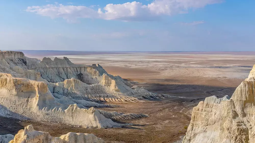 "Актолагай находится в Актюбинской области, на границе с Прикаспийской низменностью. Высокие, до 300 метров, меловые скалы возвышаются посреди степи. Интересная особенность гор – изменение цвета в зависимости от освещения.
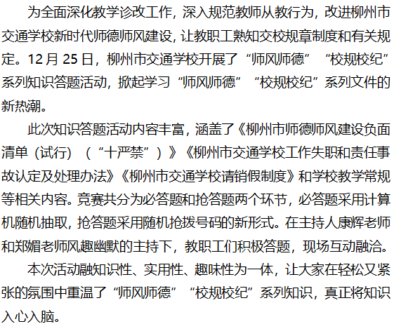 柳州市交通学校举行“师风师德”“校规校纪” 系列知识答题活动
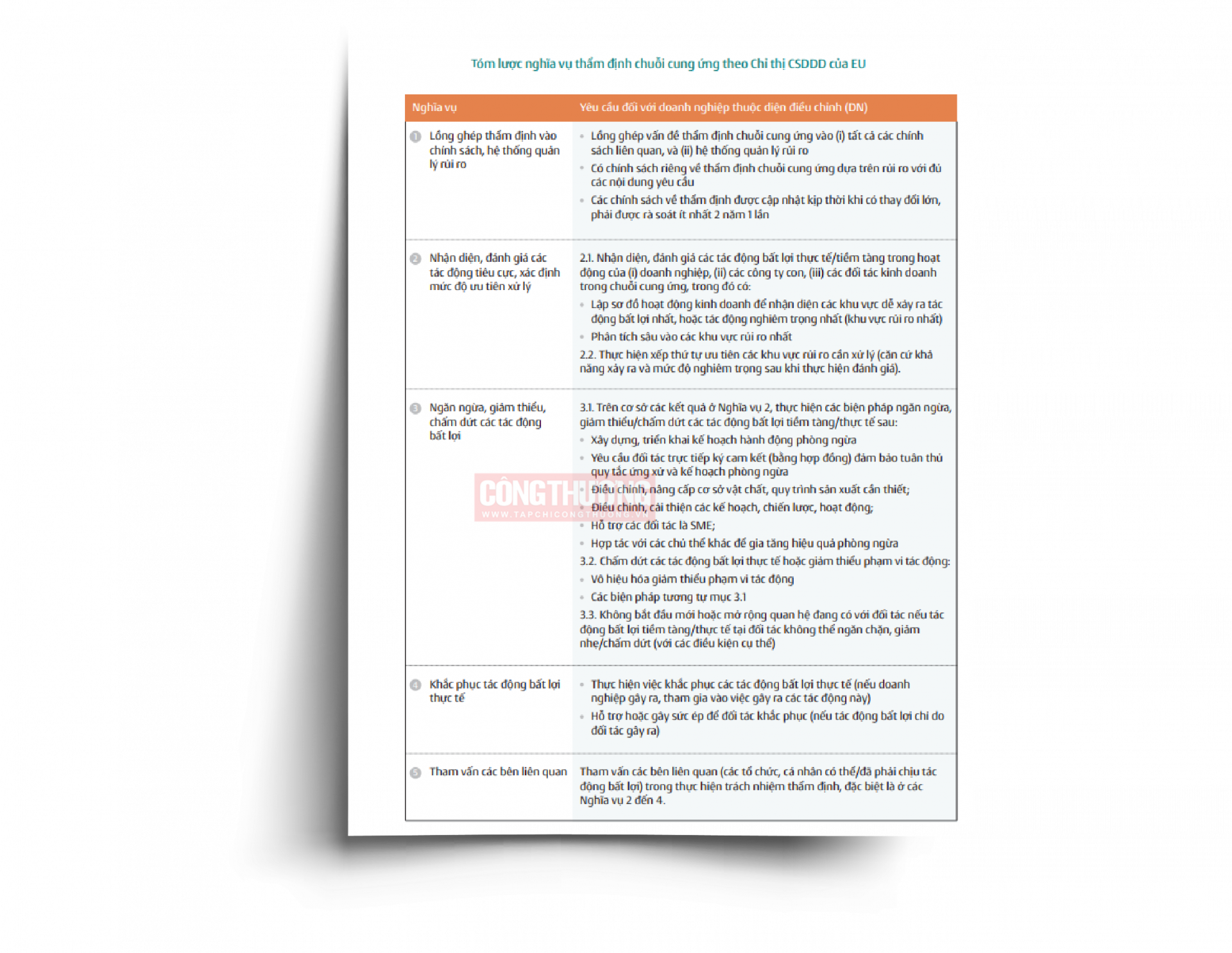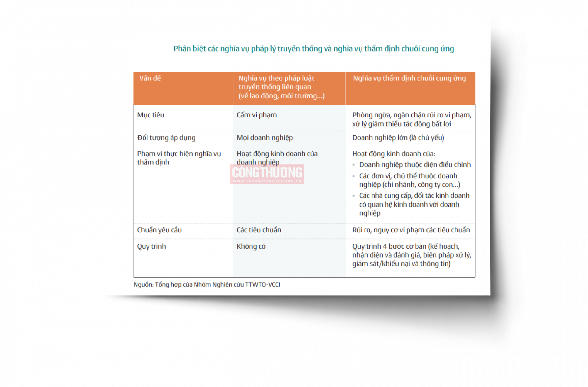 Trong thời gian gần đây, Liên minh châu Âu (EU) và một số nước thành viên đang thiết lập các quy định pháp luật mới về thẩm định chuỗi cung ứng (supply-chain due diligence) nhằm giám sát, ngăn chặn và xử lý các rủi ro về quyền con người và môi trường trong chuỗi cung ứng trên toàn cầu của các doanh nghiệp lớn tại khu vực này.
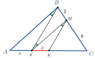 Задание 6. Найдите длину отрезка EK в треугольнике на рисунке.
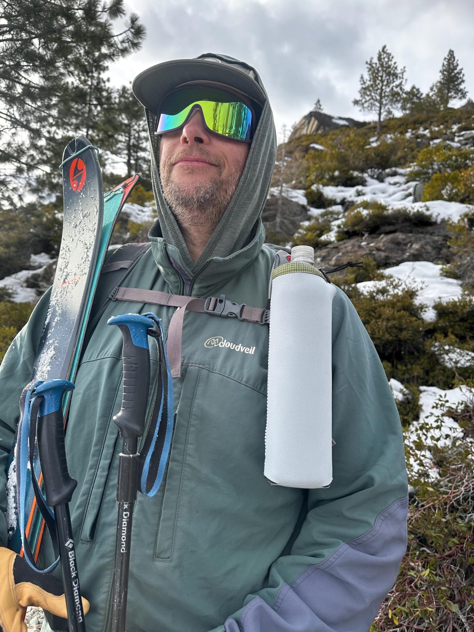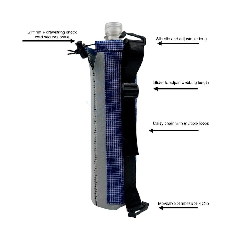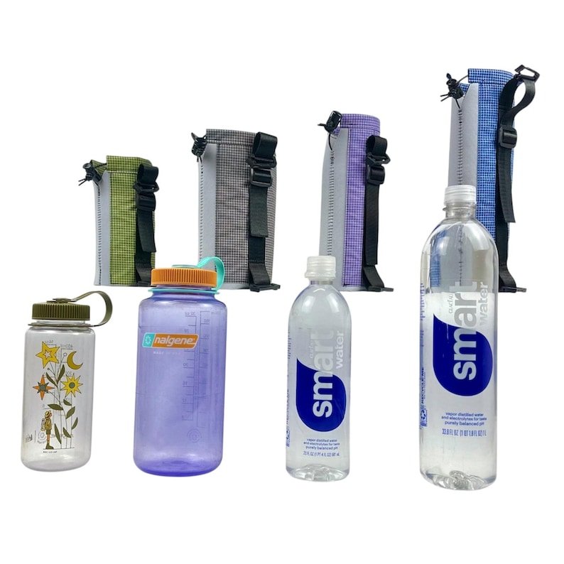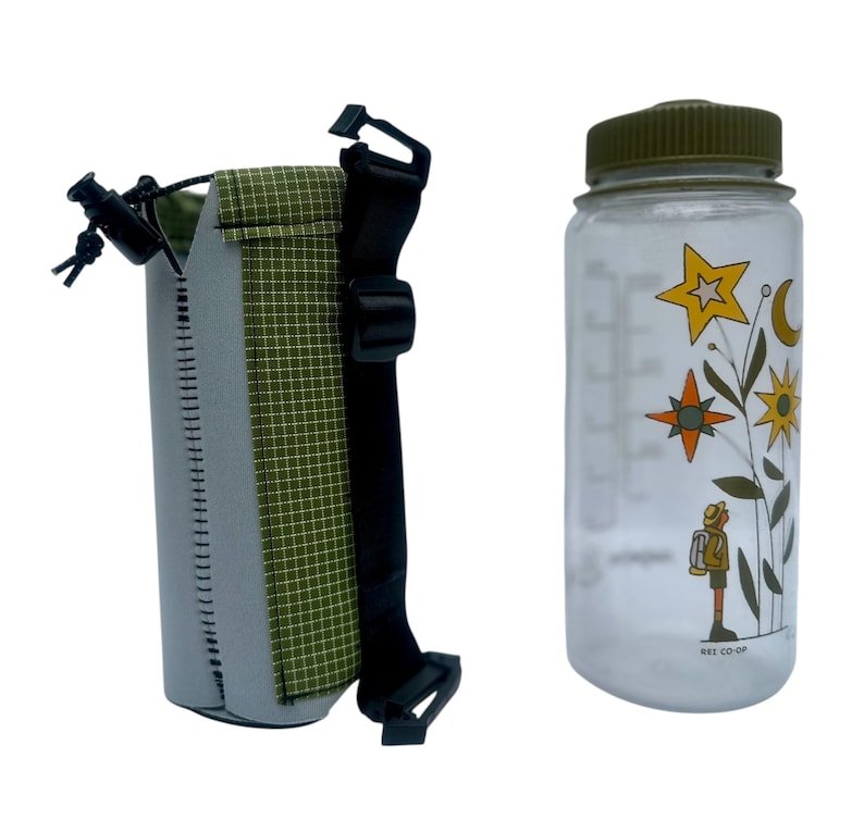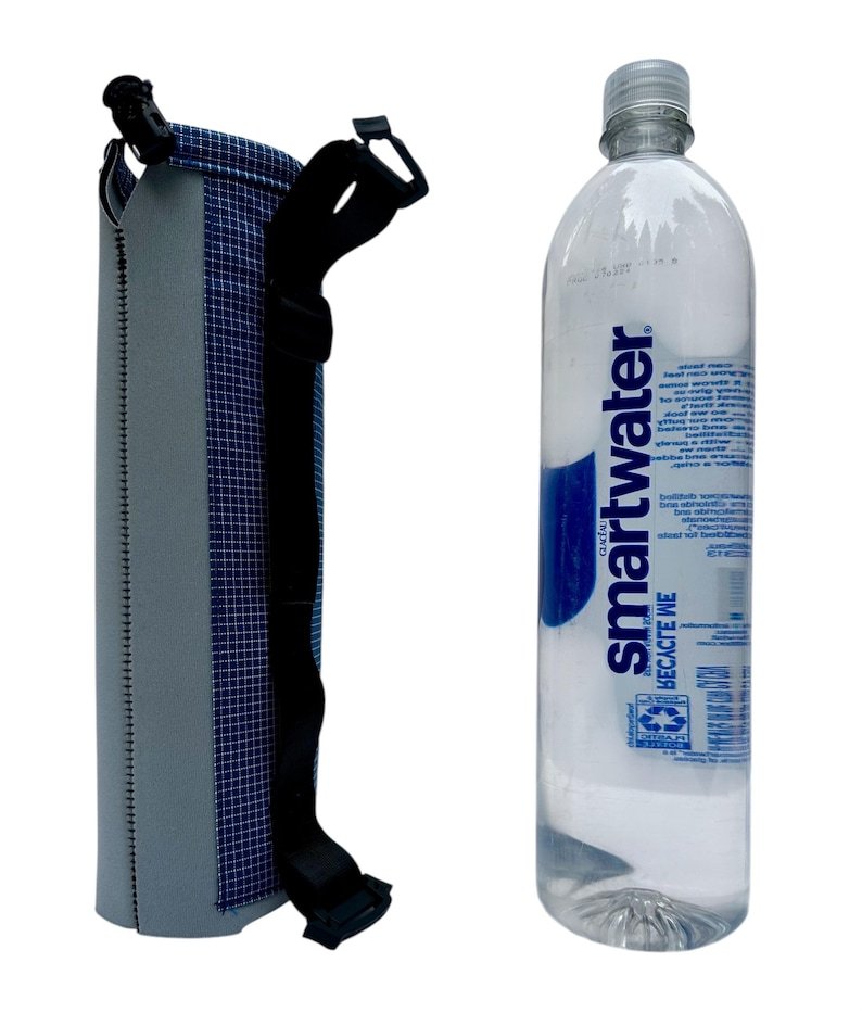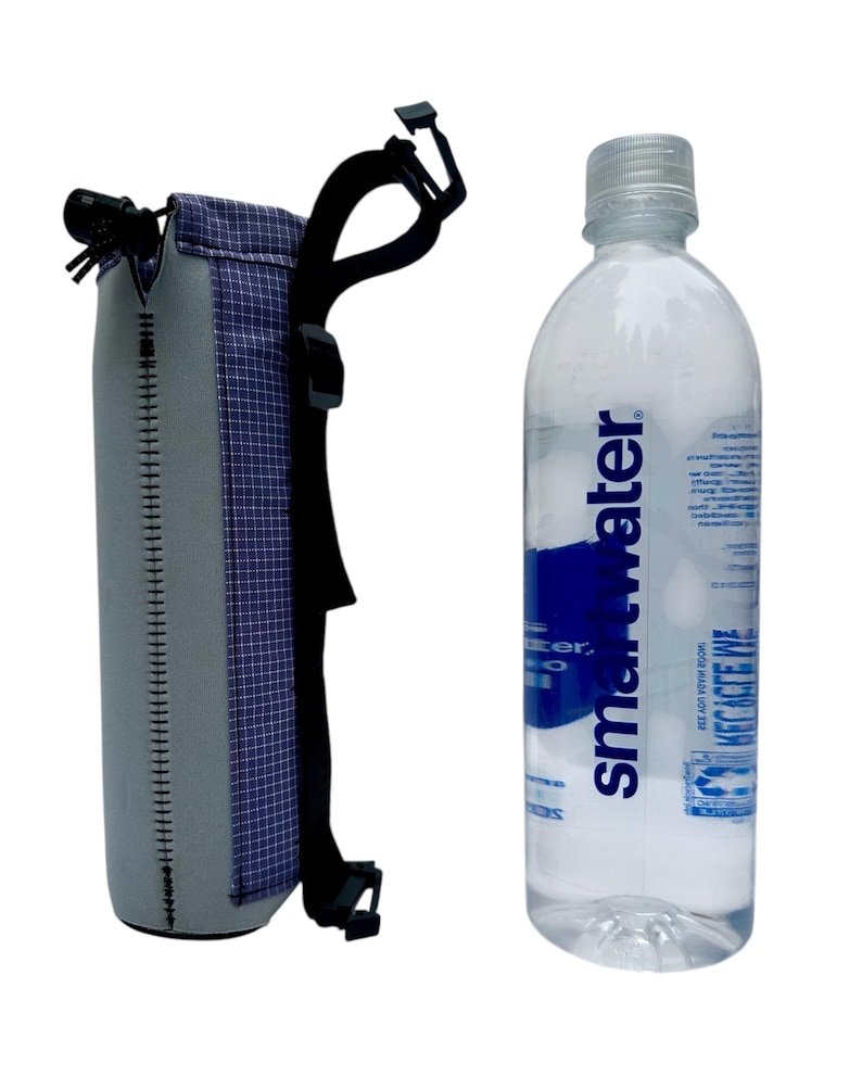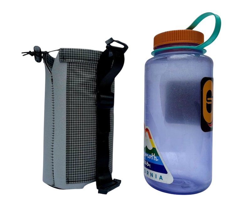 This water bottle sleeve is designed to not only keep your water bottle easily accessible on your shoulder strap when hiking or backpacking, but also to keep your water cooler and protect the plastic from UV rays! Because, let’s face it, drinking water from a plastic bottle that’s been baking in the sun while you hike is just plain gross! The sleeve will also keep your water from freezing during winter adventures.
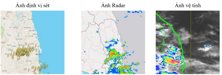 Hiện trạng trong 03 giờ qua: phân tích trên ảnh mây vệ tinh, định vị sét và ảnh radar cho thấy mây đối lưu đang phát triển, gây mưa rào và dông trên các khu vực tỉnh Bình Định (An Nhơn, Phù Cát, Vân Canh, Tây Sơn, Tuy Phước).
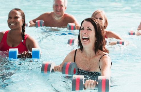 Es una forma de ejercicio físico dentro del agua y que generalmente está compuesto por diferentes movimientos sostenidos que estimulan grandes grupos musculares.
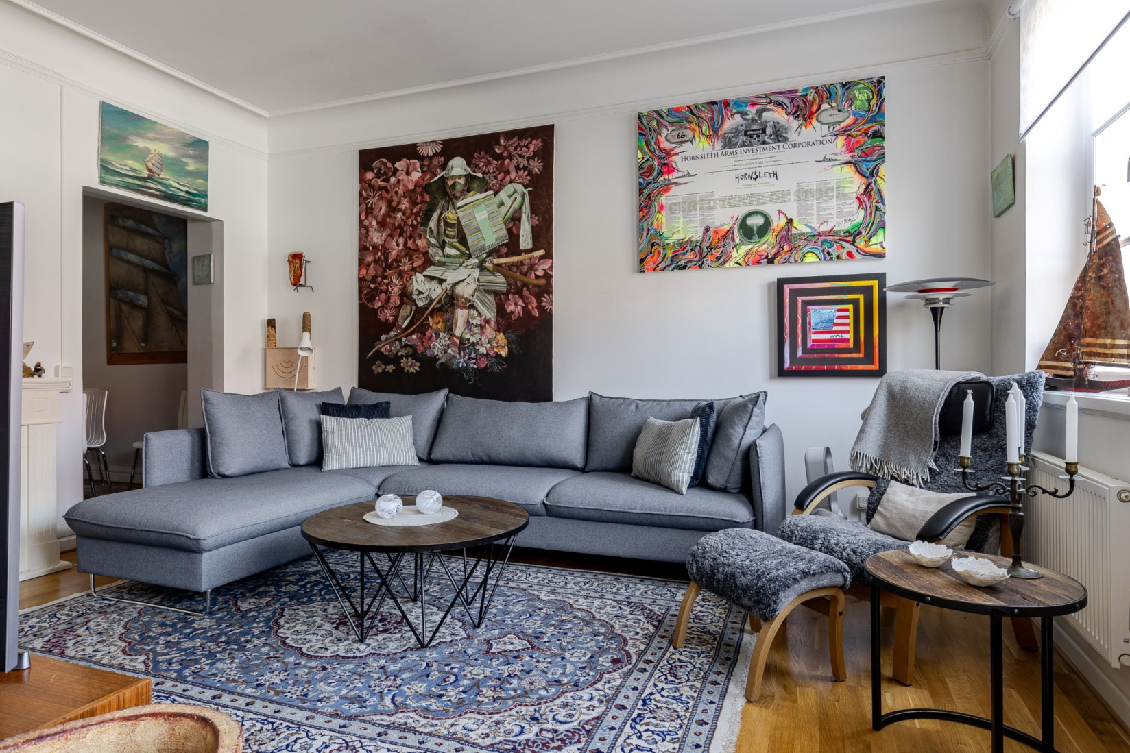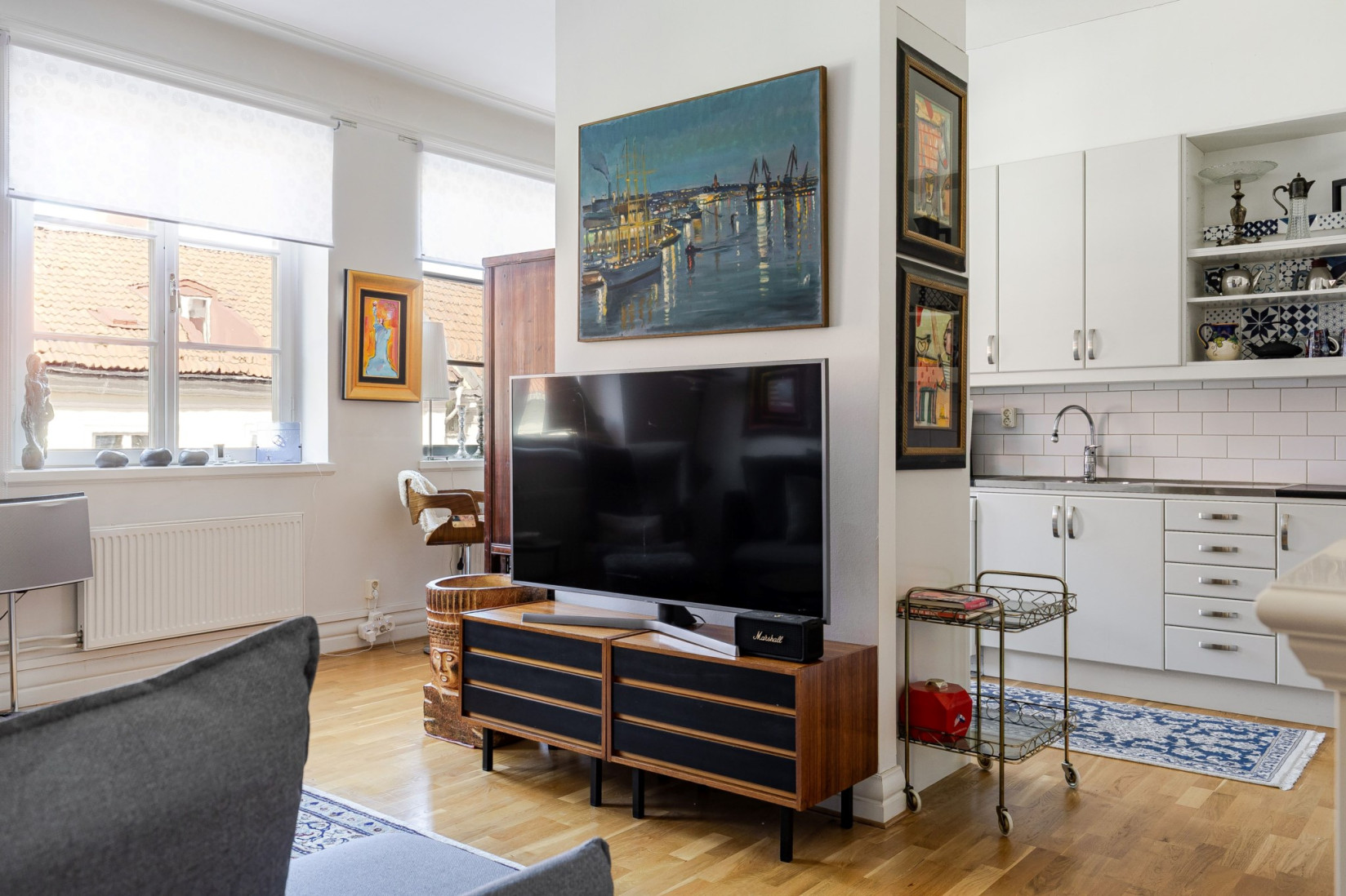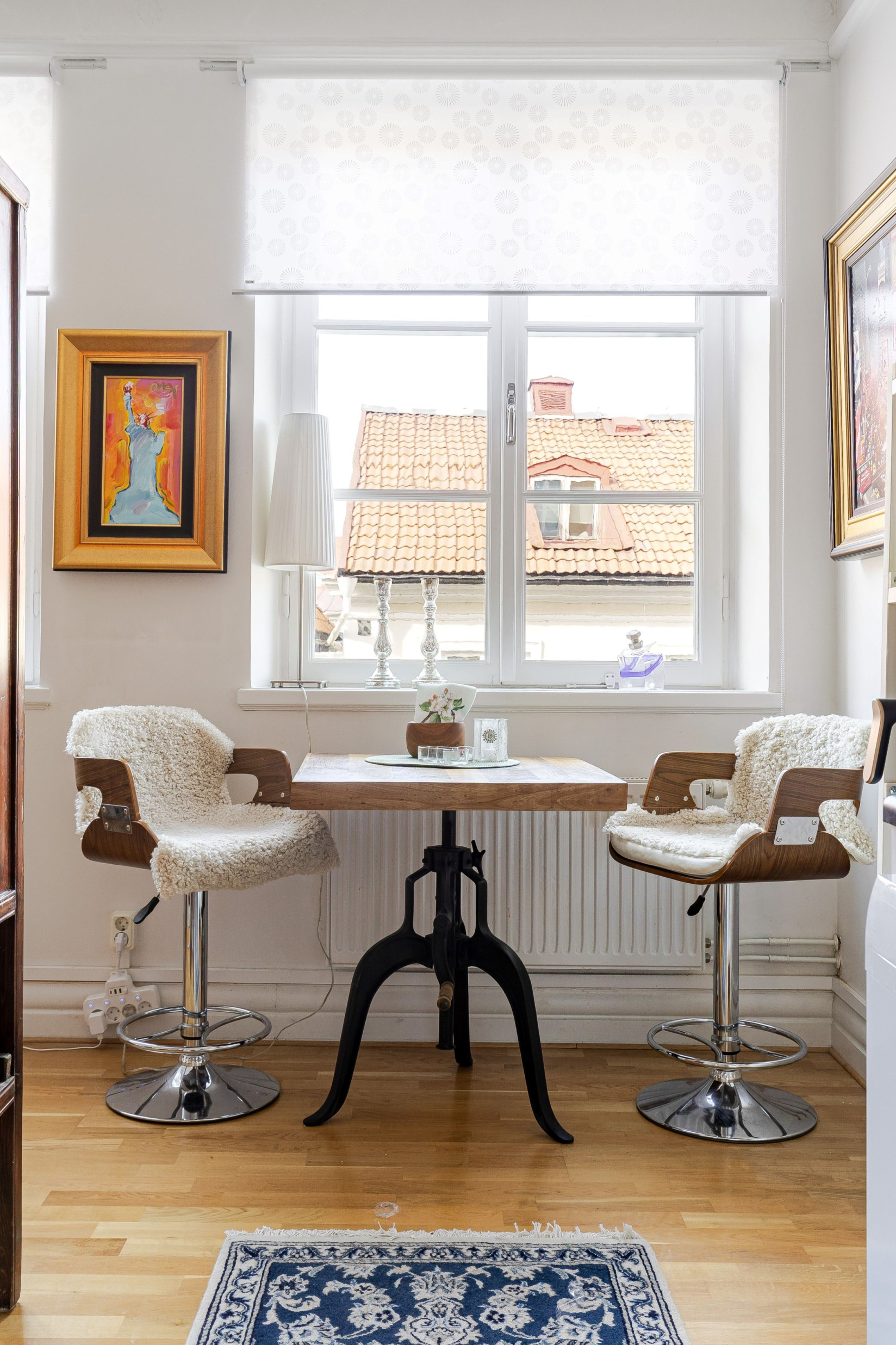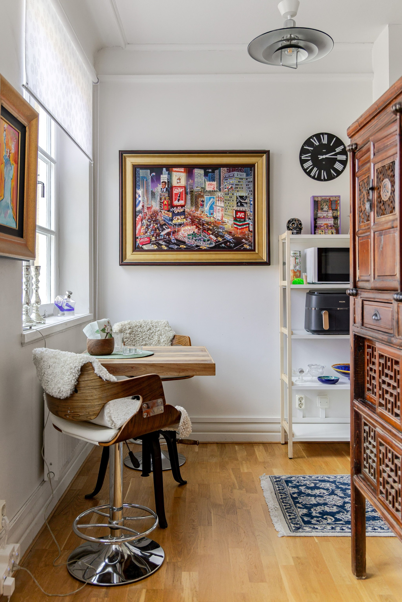 Vid ankomsten möts du av en rymlig hall med gott om förvaringsmöjligheter. Det vackra parkettgolvet löper genom hela bostaden och skapar en enhetlig helhet. Redan här märks den bevarade originalkänslan från 1920-talet, som tillför hemmet sin unika karaktär.
▬▬▬
● What the task asks: Would you print the material exactly once more, without any of its pictures?

● Task response:
 "Актолагай находится в Актюбинской области, на границе с Прикаспийской низменностью. Высокие, до 300 метров, меловые скалы возвышаются посреди степи. Интересная особенность гор – изменение цвета в зависимости от освещения.
 柳州市交通学校举行“师风师德”“校规校纪” 系列知识答题活动
 Trong thời gian gần đây, Liên minh châu Âu (EU) và một số nước thành viên đang thiết lập các quy định pháp luật mới về thẩm định chuỗi cung ứng (supply-chain due diligence) nhằm giám sát, ngăn chặn và xử lý các rủi ro về quyền con người và môi trường trong chuỗi cung ứng trên toàn cầu của các doanh nghiệp lớn tại khu vực này.
 Задание 6. Найдите длину отрезка EK в треугольнике на рисунке.
 This water bottle sleeve is designed to not only keep your water bottle easily accessible on your shoulder strap when hiking or backpacking, but also to keep your water cooler and protect the plastic from UV rays! Because, let’s face it, drinking water from a plastic bottle that’s been baking in the sun while you hike is just plain gross! The sleeve will also keep your water from freezing during winter adventures.
 Hiện trạng trong 03 giờ qua: phân tích trên ảnh mây vệ tinh, định vị sét và ảnh radar cho thấy mây đối lưu đang phát triển, gây mưa rào và dông trên các khu vực tỉnh Bình Định (An Nhơn, Phù Cát, Vân Canh, Tây Sơn, Tuy Phước).
 Es una forma de ejercicio físico dentro del agua y que generalmente está compuesto por diferentes movimientos sostenidos que estimulan grandes grupos musculares.
 Vid ankomsten möts du av en rymlig hall med gott om förvaringsmöjligheter. Det vackra parkettgolvet löper genom hela bostaden och skapar en enhetlig helhet. Redan här märks den bevarade originalkänslan från 1920-talet, som tillför hemmet sin unika karaktär.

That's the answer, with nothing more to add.